CANBERRA – The Albanese Government has identified $37.8 billion in savings from the National Disability Insurance Scheme over four years, while simultaneously describing the doubling of remote First Nations jobs from 3,000 to 6,000 across the same period as one of the Budget’s most ambitious targets.

The Budget papers released Tuesday confirmed approximately 160,000 participants will exit the NDIS following new standardised functional capacity assessments.
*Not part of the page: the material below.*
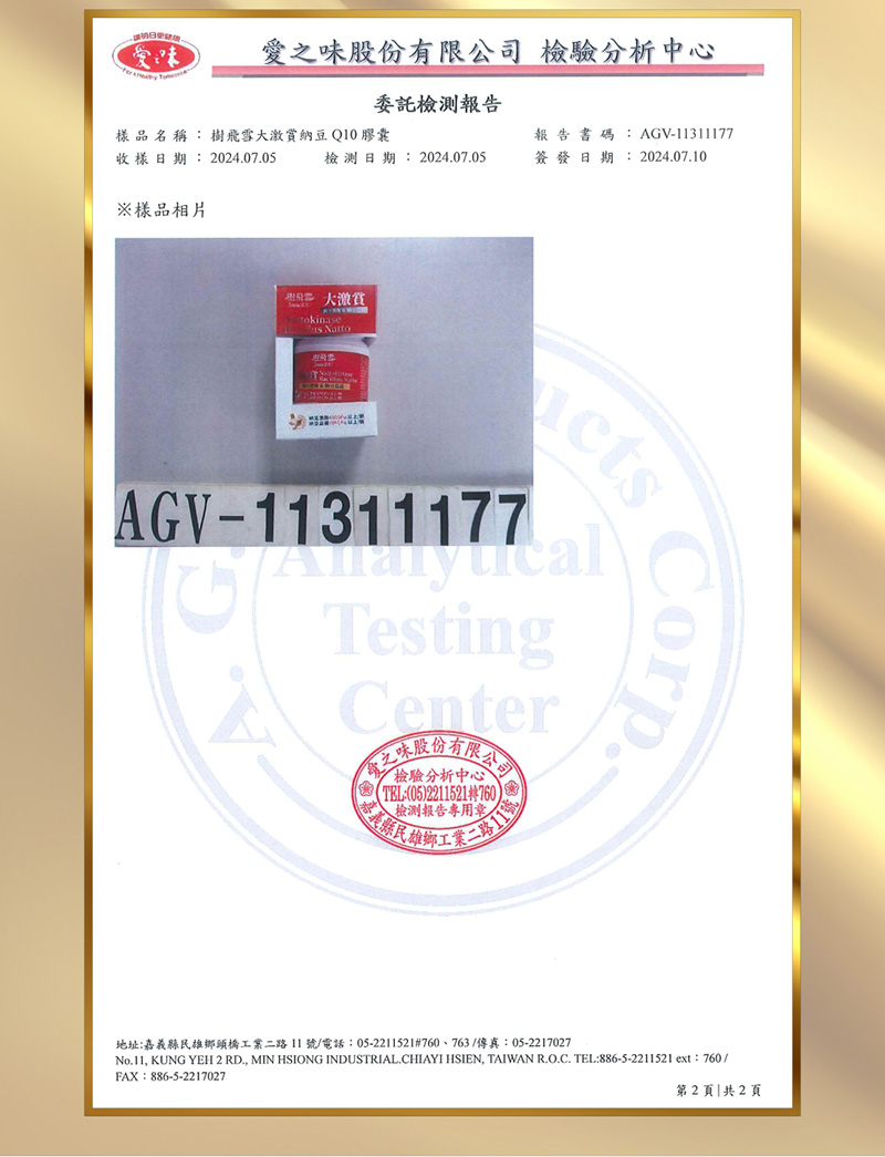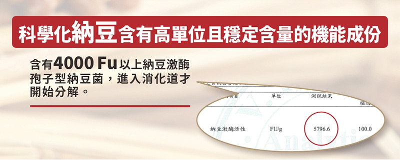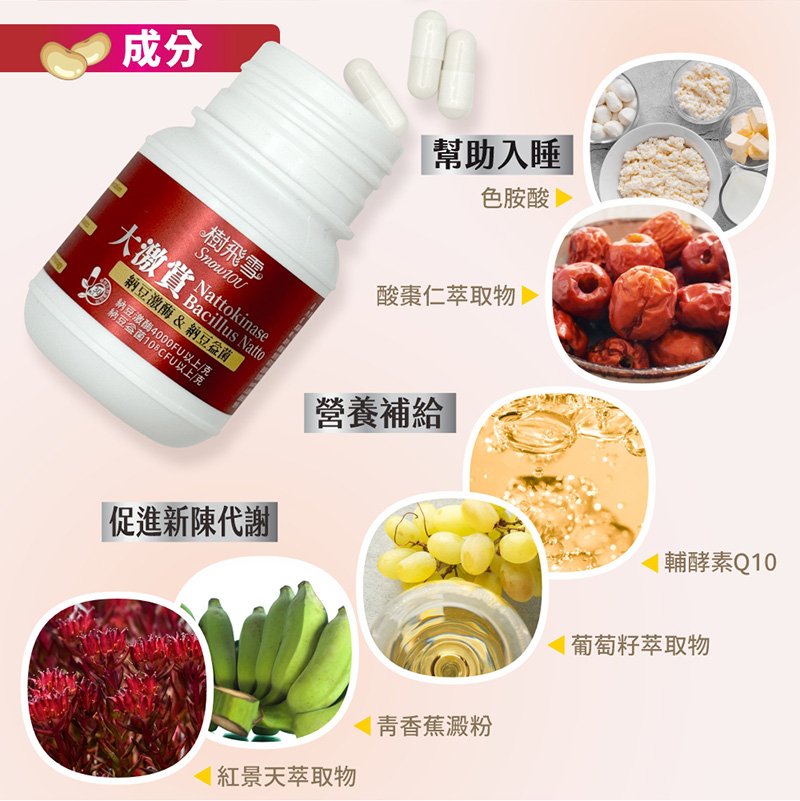 麥芽糊精、納豆提取物 (納豆激酶、納豆益菌、糊精)、青香蕉澱粉、輔酶素Q10、色胺酸、酸棗仁萃取物 (酸棗仁萃取物、麥芽糊精)、銀杏果萃取物(銀杏果萃取物、麥芽糊精)、紅景天萃取物(紅景天萃取物、麥芽糊精) 、葡萄籽萃取物 。 膠囊成分:羥丙基甲基纖維素,純水,鹿角菜膠,二氧化鈦,氯化鉀
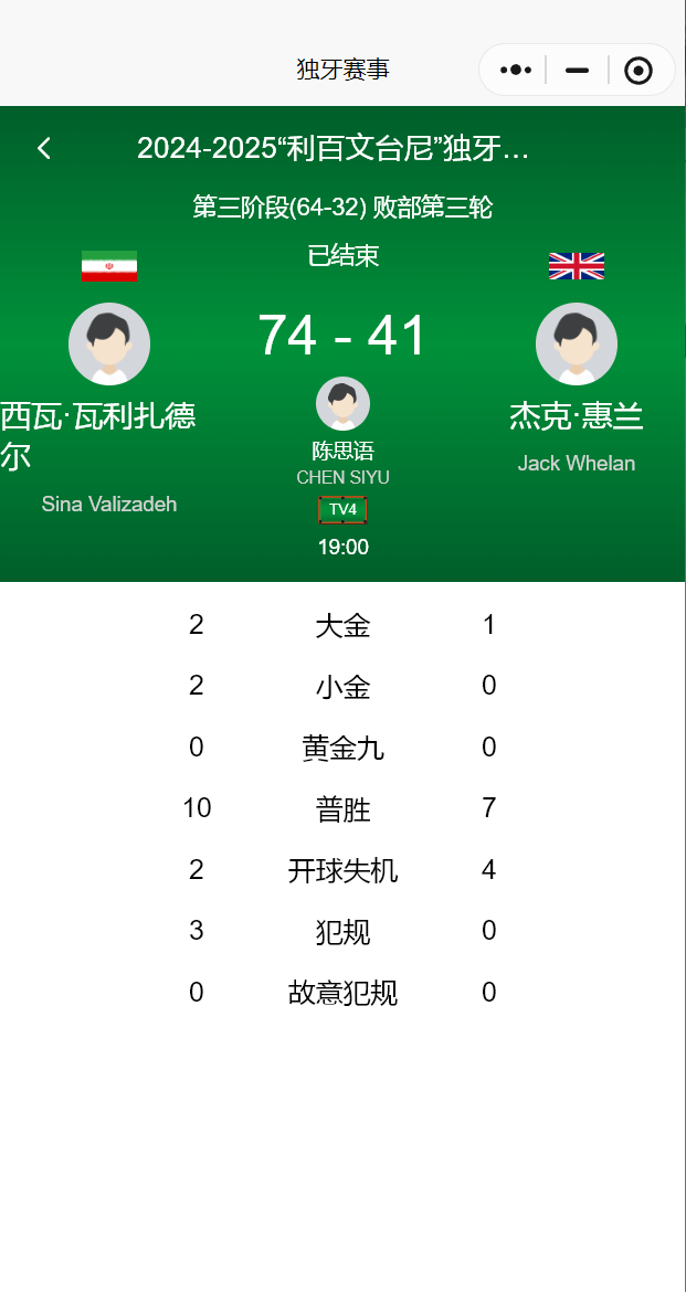 西瓦·瓦利扎德尔 74-41 杰克·惠兰 详情

The Remote Jobs and Economic Development Program received $299 million.

“Both reforms represent significant fiscal commitments,” a senior departmental spokesperson said. “But realistically, identifying 160,000 Australians to remove from a payment system is a much more straightforward administrative exercise than identifying 3,000 actual jobs in actual remote communities.”

The spokesperson said the NDIS reforms had been “ready to go for some time” whereas the remote employment target would require “extensive co-design”, “place-based modelling” and “ongoing yarn”.

Asked whether the assessment tools used to remove participants from the NDIS could also be used to assess where remote jobs might be created, a Treasury official paused for a long time before saying that was “not how the tool was scoped”.

The Disability Advocacy Network described the changes as “drastic”. The Secretariat of National Aboriginal and Islander Child Care described the same Budget as “the budget of missed opportunity”.

A senior Indigenous Affairs official confirmed the Government remains committed to its Closing the Gap targets, which it expects to begin showing measurable progress on “any year now”.